An der italienischen Berufsschule "Mattei" und der deutschen Berufsschule "Maria Hellensteiner" in Brixen hat ein Sprachaustauschprojekt begonnen.

Vor Kurzem fiel der Startschuss für den Sprachaustausch zwischen der italienischen Landesberufsschule "Mattei" und der deutschen Landesberufsschule "Maria Hellensteiner" in Brixen.
Zoomansicht Vor Kurzem fiel der Startschuss für den Sprachaustausch zwischen der italienischen Landesberufsschule "Mattei" und der deutschen Landesberufsschule "Maria Hellensteiner" in Brixen.

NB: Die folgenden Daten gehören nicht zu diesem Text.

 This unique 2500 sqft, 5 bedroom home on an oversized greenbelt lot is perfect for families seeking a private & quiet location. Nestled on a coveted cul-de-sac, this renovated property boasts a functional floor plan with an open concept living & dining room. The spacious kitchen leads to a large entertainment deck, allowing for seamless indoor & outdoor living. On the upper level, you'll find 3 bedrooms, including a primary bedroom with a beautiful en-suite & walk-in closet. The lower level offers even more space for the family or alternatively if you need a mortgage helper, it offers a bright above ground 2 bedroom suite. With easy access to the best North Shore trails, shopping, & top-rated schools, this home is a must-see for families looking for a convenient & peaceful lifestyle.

Die Schülerinnen und Schüler der italienischen Landesberufsschule "Mattei" und der deutschen Landesberufsschule "Maria Hellensteiner" in Brixen nehmen an einem gemeinsamen Schulaustausch teil. Vor Kurzem fand das erste Treffen zwischen den Teilnehmern statt. Damit ist in diesem Schuljahr – nach Bozen und Meran – in Brixen die dritte Sprachpartnerschaft zwischen zwei Schulen mit unterschiedlicher Unterrichtssprache entstanden. Unterstützt und koordiniert wird das Austauschprojekt vom Amt für Zweisprachigkeit und Fremdsprachen der Abteilung für Italienische Kultur des Landes in Zusammenarbeit mit Nadia Mazzardis und der Organisation "Centro Studi e Ricerche A. Palladio" als Projektpartner.

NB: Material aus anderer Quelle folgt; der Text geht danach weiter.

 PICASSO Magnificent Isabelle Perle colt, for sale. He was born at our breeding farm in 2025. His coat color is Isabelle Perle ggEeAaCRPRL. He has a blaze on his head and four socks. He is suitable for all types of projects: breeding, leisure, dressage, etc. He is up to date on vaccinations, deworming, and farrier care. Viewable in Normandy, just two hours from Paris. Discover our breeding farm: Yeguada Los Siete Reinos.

Das Projekt sieht vor, dass die Schülerinnen und Schüler bieder Schulen Sprachpaare oder kleine Gruppen bilden, die insgesamt 10 Stunden miteinander verbringen (in fünf Stunden wird die deutsche und in fünf Stunden die italienische Sprache verwendet). Die Teilnehmer in Brixen haben sich mehrheitlich dafür ausgesprochen, in kleinen Gruppen zusammenzuarbeiten, um über mehrere verschiedene Themen sprechen zu können und mehrere Sprachpartner kennenzulernen. Das Koordinatorenteam hat sich entschieden, zwei Gruppen zu gründen, in denen etwa gleich viele Schülerinnen und Schüler beider Schulen vertreten sind. Die Teilnehmer kommen aus der 1., 2. und 3. Klasse der Landesberufsschule Mattei sowie aus den 2. und 3. Klassen (Fachbereich Service) der Landesberufsschule Hellensteiner.

Insgesamt nehmen neun Schülerinnen und Schüler am Projekt teil, um in beiden Sprachen zu sprechen, ihre Kenntnis der jeweils anderen Landessprache zu verbessern und sich kennen und verstehen zu lernen. Natürlich besteht die Hoffnung, dass dieser Austausch auch über die vom Projekt vorgesehene Stundenzahl hinausgeht und die Jugendlichen neue Freundschaften knüpfen.

Das Projekt wurde vom Direktor der Landesberufsschule “E. Mattei”, Alberto Conci, der auch am Auftakttreffen teilnahm, sowie von der Direktorin der Landesberufsschule “E. Hellenstainer”, Brigitte Gasser, unterstützt. Am ersten Treffen nahmen auch die Inspektorin für Deutsch als zweite Sprache, Carlotte Ranigler, die Lehrpersonen Laura Zanotti und Giuseppe Marino, Vertreter des Amtes für Zweisprachigkeit sowie Nadia Mazzardis teil.

Im Mai, sobald alle im laufenden Schuljahr geplanten Treffen zwischen den Sprachpaaren bzw. Gruppen der verschiedenen Schulen in Meran, Bozen und Brixen abgeschlossen sein werden, steht für alle Teilnehmer ein gemeinsames Treffen auf dem Programm, um noch einmal gemeinsam den Abschluss dieses Sprachaustauschprojekts zu feiern.